Implementing SAH-C in Australia
Recognising the urgent need for prevention-focused interventions, a collaboration between the University of New South Wales and Monash University, with support from the Department of Defence, aims to trial the SAH-C program in the ADF context. If funded, this initiative will test the cultural and operational applicability of SAH-C with Australian couples where one partner is an ADF member. The aim is for the program to also be trialled with members preparing for transition and ex-serving veterans. It will be adapted to local contexts and evaluated for effectiveness in reducing DFV and suicide risks. The planned trial represents a critical step towards meeting the Royal Commission’s recommendations and building the evidence base for prevention in Defence communities.
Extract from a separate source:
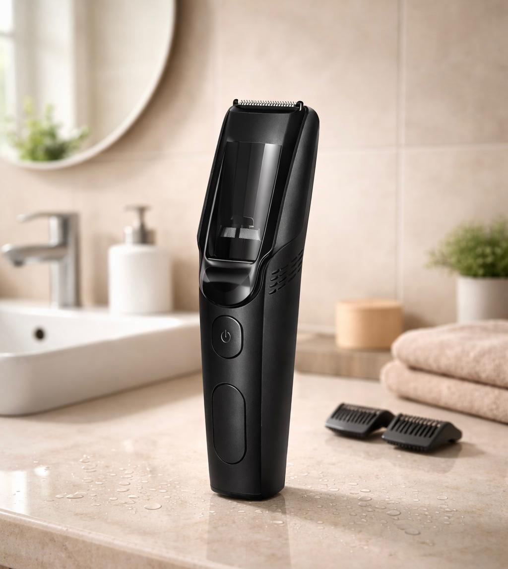 הלהבים החדים מבטיחים קיצוץ אחיד ומדויק, בעוד שטכנולוגיית השאיבה החכמה לוכדת את השערות ישירות לתוך מיכל האיסוף, כך שהכיור וסביבת הטיפוח נשארים נקיים.

Fitting into the Defence DFV Strategic Plan
As a prevention initiative, SAH-C could be an important component of the DFV Strategic Plan. It is designed by and for military people to resonate with ADF personnel and families.7,8 This responds to evidence that genuine organisational change requires a strategy that values the strengths within the existing culture, rather than only critiquing it.10 Sustainable change to reduce DFV should be informed by validating and giving greater emphasis to DFV reduction driven by personnel’s values and strengths.10 The Australian application of the SAH-C intervention embodies the values and principles of ADF. As a psychological intervention, it enables and draws on the strengths of Australian personnel, facilitating their capacity to recognise and value stronger couple relationships in personal and professional lives. This aim will ultimately generate real, sustainable change in preventing both DFV and suicidality.
Conclusion
The Royal Commission into Defence and Veteran Suicide underscored the need for transformative and timely action to protect the lives of serving and ex-serving ADF members. Yet, the connection between DFV and suicide remains under-acknowledged and under-addressed. Recognising the complex and reciprocal nature of this relationship is essential for developing effective prevention strategies.
A shift is needed to complement post violence responses with proactive, trauma-informed, relationship-centred interventions. Programs such as Strength at Home Couples, when adapted for the ADF current and ex-serving members, offer a promising pathway to reduce DFV, strengthen mental health and reduce the prevalence of suicide. By investing in prevention, building strength at home and supporting couples in navigating the challenges of military life, Defence can take a decisive step towards further safeguarding the wellbeing of its members and families.